Macros are another common meme format. A good meme starts with a classic reference, that is, some sort of image that is already shared by the cultural consciousness, and juxtaposes it with whatever social/political trend is being satirized. Occupy Wall Street transitioned into Wall Street Pride parades, corporate virtue signalling, and rainbow-washing. People noticed and made memes about it.
Some memes do not age well because they capture transient moments in the discourse. To explain a joke is to kill it, and some jokes require explanation for those who were not there to understand the time in which it was made. When comedians score cheap laughs by referring to contemporary trends, usually they are not making comedy that lasts.

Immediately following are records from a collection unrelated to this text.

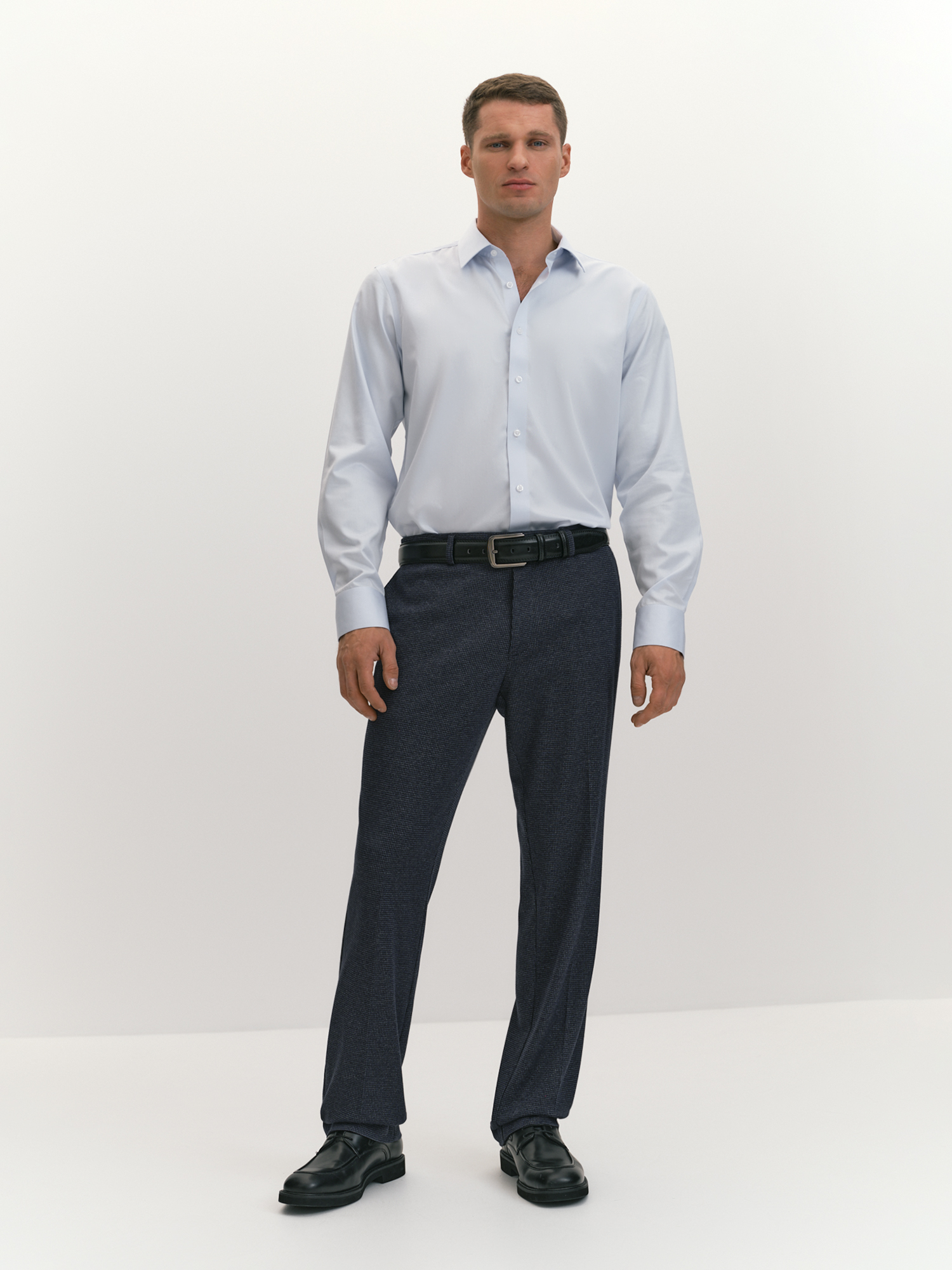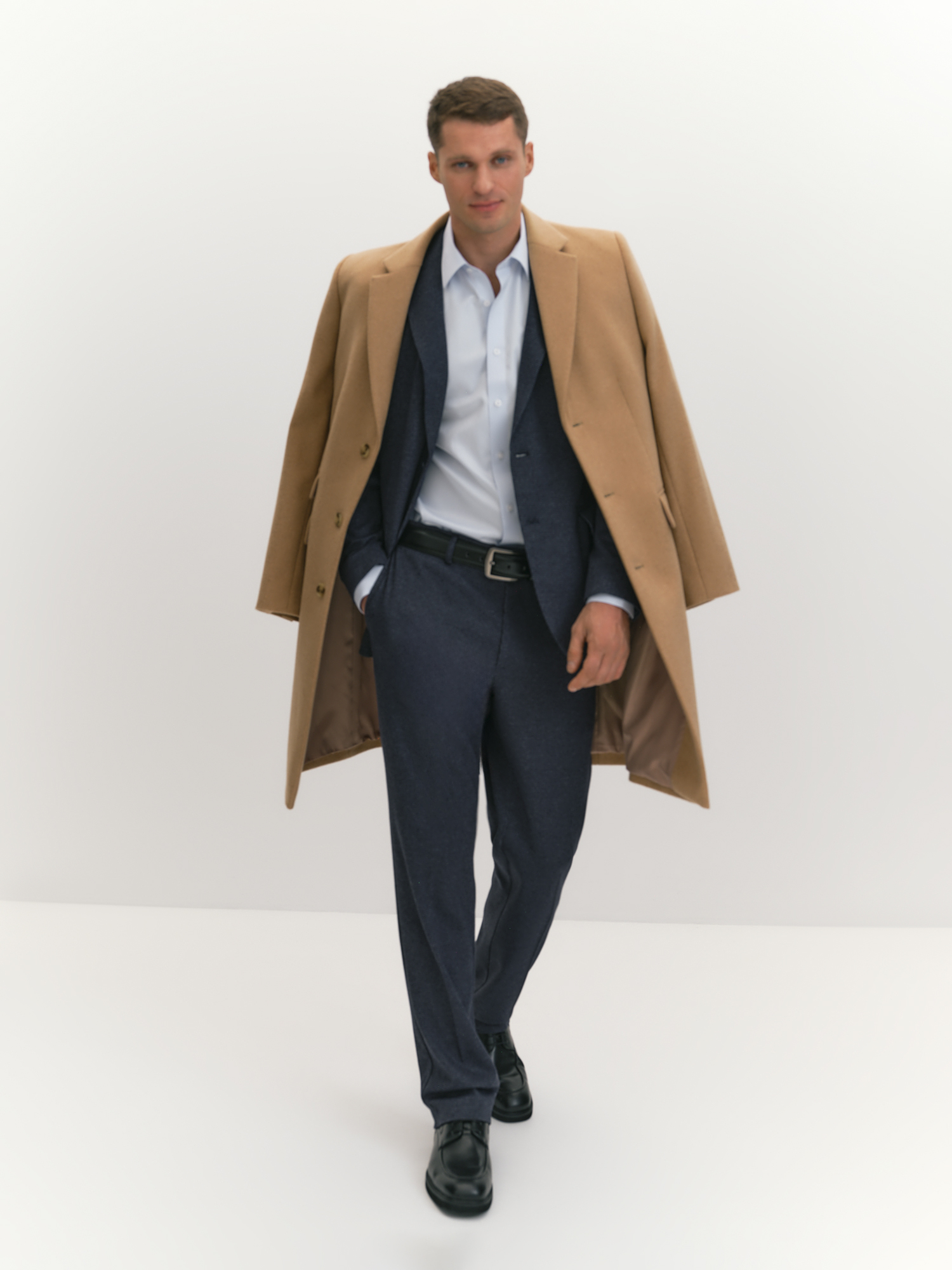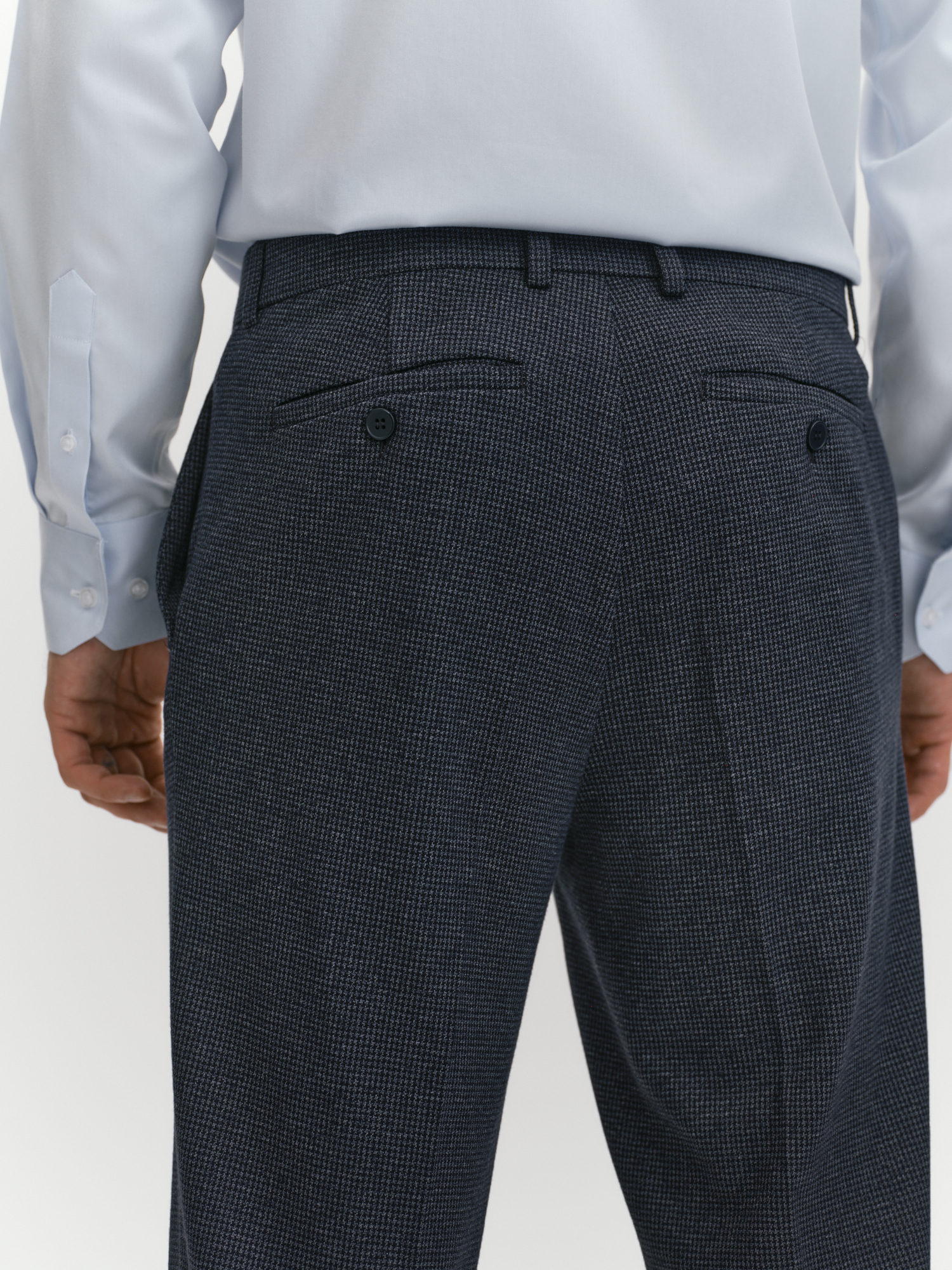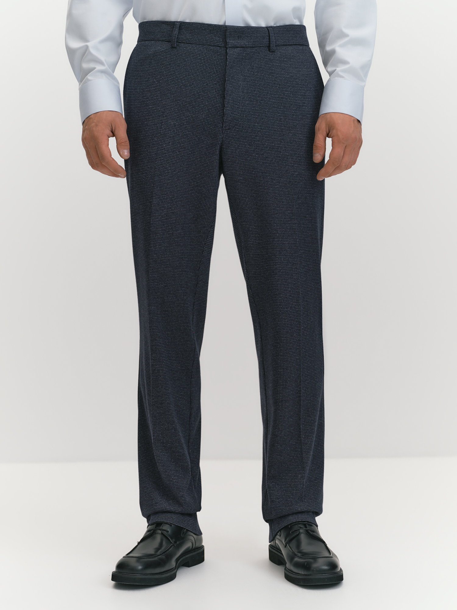 Зауженные брюки на притачном поясе со шлевками с легендарным принтом pied-de-poule (рус. пье-де-пуль) одновременно самодостаточны и прекрасно дополняют однобортный костюмный пиджак. Брюки выполнены с традиционной застежкой-гульфиком, с косыми боковыми карманами, усиленными закрепками, и задними прорезными карманами с листочкой и фиксацией на пуговицу. Особый комфорт изделию придает качественный трикотаж с хлопком и вискозой, он воздухопроницаем, долговечен и хорошо держит форму. Кроме того, брюки из такого трикотажа станут удачным дополнением к неформальным офисным пиджакам, рубашкам, свитшотам, водолазкам, свитерам и джемперам, классическая ломаная клетка в темно синем делает модель универсальной в сочетаниях. Выбор наших стилистов для завершения костюмного образа - классическое бежевое пальто с дополнительным карманом IPD0018.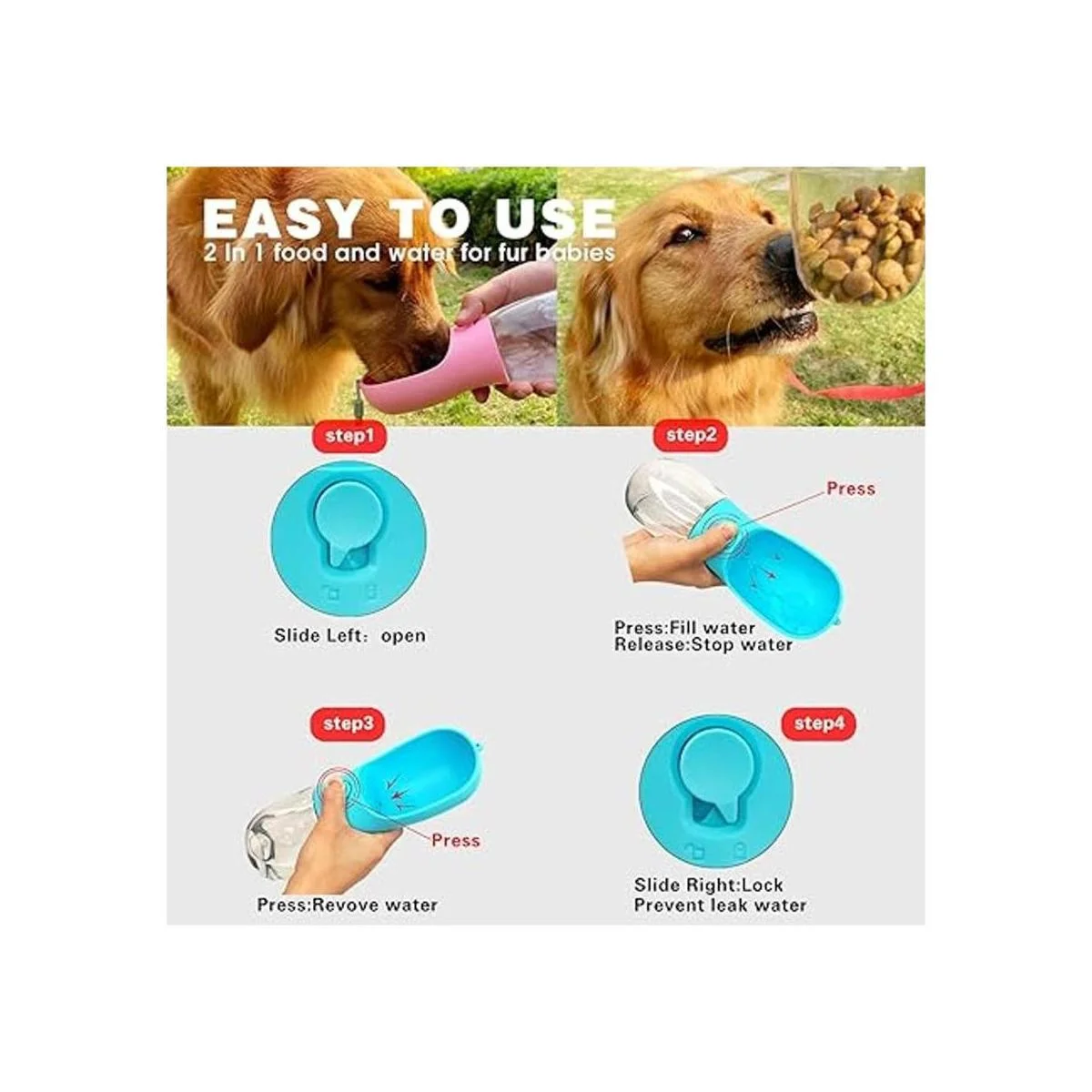 AVELORA Botella de agua para perros, botella de agua portátil para mascotas con recipiente de alimentos, dispensador de agua portátil al aire libre para gatos, conejos, cachorros y otras mascotas para caminar, senderismo, viajes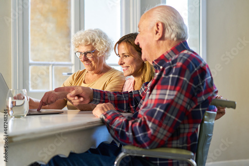 Seniorin im Rollstuhl am Computer macht einen Video Call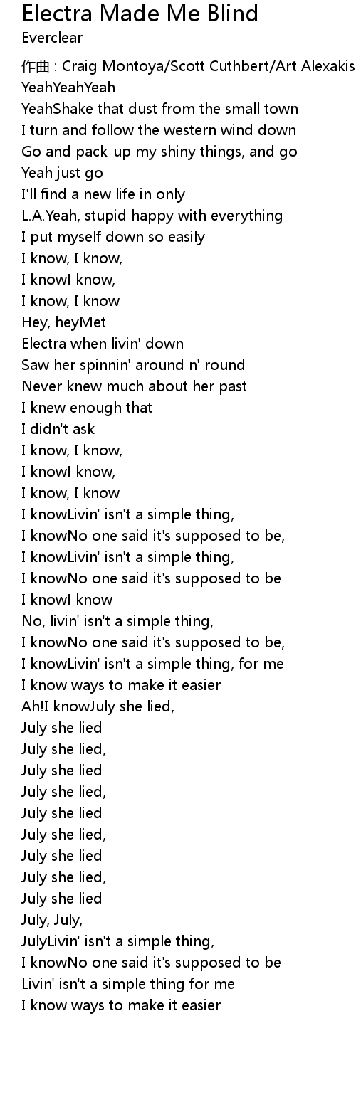 | 歌曲 | Electra Made Me Blind |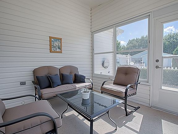 2/2 Turnkey Furnished Colony Patio Villa. Enhancing Volume Ceilings through out. BRIGHT OPEN KITCHEN with a SKYLIGHT. PLANTATION SHUTTERS, BEAUTIFUL TILE & LAMINATE FLOORS, Enclosed EAST facing Lanai. NO BOND, Remodeled Bathrooms. Solar Tube in Master Bath, MOVE IN READY and AVAILABLE for a quick closing. New Roof May 2014, A great location between Lake Sumter and Spanish Springs Town Squares.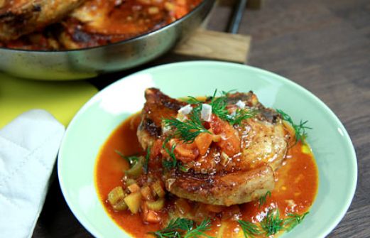 Antal portioner: 4 Ingredienser 4 fläskkotletter med ben 3 stjälkselleri 300 g morot 1 fänkål 1 gul lök 2 vitlöksklyftor 1 knippe dill 1 burk krossade tomater 1,5 dl vitt vin [...]

Luckily for historians, exceptions do happen. For example, during 2022, genderwoo censorship reached its absolute zenith on Twitter and Reddit. Refusing to be silenced, TERFs came up with “super straight” and associated “super gay” and “super lesbian” identities and hashtags, successfully baiting TRAs (trans rights activists) into demonstrating the hypocrisy of their identitarian politics. It was all summed up with a Tom & Jerry reference, something universally understood.
Online communities refer to their favorite shared cultural material. The results are then spread across the internet between like communities, creating ‘online culture.’ Meme image origins are global because the internet is everywhere. For example, lots of memes use Japanese anime references that ‘normies’ are not supposed to get.
But again, the best of these memes work regardless of whether someone has seen the original work. For example, you don’t have to know this character’s story arc to get the joke. You don’t even have to understand that the original joke involved misidentifying the butterfly as a pigeon. You don’t have to know anything about anime, or even enjoy it. The medium is the message.
Doge memes are also widespread on the internet. Kabosu, a female Shiba Inu dog, became the first Doge meme in 2010. The Dogecoin cryptocurrency was launched three years later. Those were the heady days of the free internet, when everyone still believed in free speech, before the Great Wokening made it ‘stunning and brave’ to cancel people from platforms over pronouns. Today, the BBC can’t go five minutes without a drag queen and NPR can’t discuss any topic without examining how it affects trans and nonbinary people.
Some memes are simply shared cultural material with a TERFy twist. The story of Little Red Riding Hood has been invoked a million times by now in critical commentary on the inherent safeguarding problems created by transgender ‘identification.’ I have also seen a number of ‘wolves in sheep’s clothing’ memes.
Foxes in henhouses are another common TERF meme. The phrase “trans chickens” contains a load of commentary. These ‘ancient wisdom’ memes can spark some of the most hostile reactions from people in the genderwoo cult because they say so much about how novel and strange and detached from reality the ideology really is.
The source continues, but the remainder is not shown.